The Case For Autodecode

Fri Jun 3 14:40:14 PDT 2016

On 06/03/2016 11:13 PM, Steven Schveighoffer wrote:
> No, but I like the idea of preserving the erroneous character you tried
> to convert.

Makes sense.

> But is there an invalid wchar? I looked through the wikipedia article on
> UTF 16, and it didn't seem to say there was one.
>
> If we use U+FFFD, that signifies a coding problem but is still a valid
> code point. However, doing a wchar in the D800 - D8FF range without
> being followed by a code unit in the DC00 - DFFF range is an invalid
> sequence. D throws if it encounters such a thing.
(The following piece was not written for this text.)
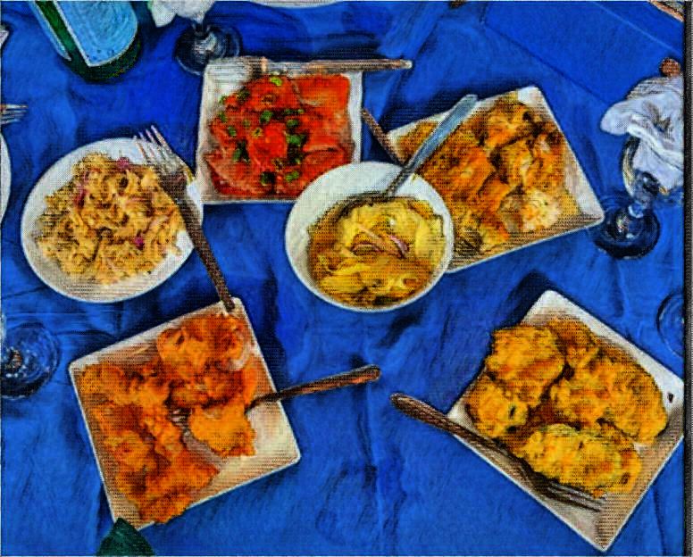 In around 20 minutes, a waitress arrived with a platter of grilled red snapper, aubergine fritters, parrot fish, chicken curry, tuna steak, fish stew with vegetable, rice and mango salad.

The Unicode FAQ has an answer to this exact question, but it also only 
says that "[u]npaired surrogates are invalid" [1].

It also mentions "noncharacters" which are "permanently reserved [...] 
for internal use". "For example, they might be used internally as a 
particular kind of object placeholder in a string." [2] - Not too bad.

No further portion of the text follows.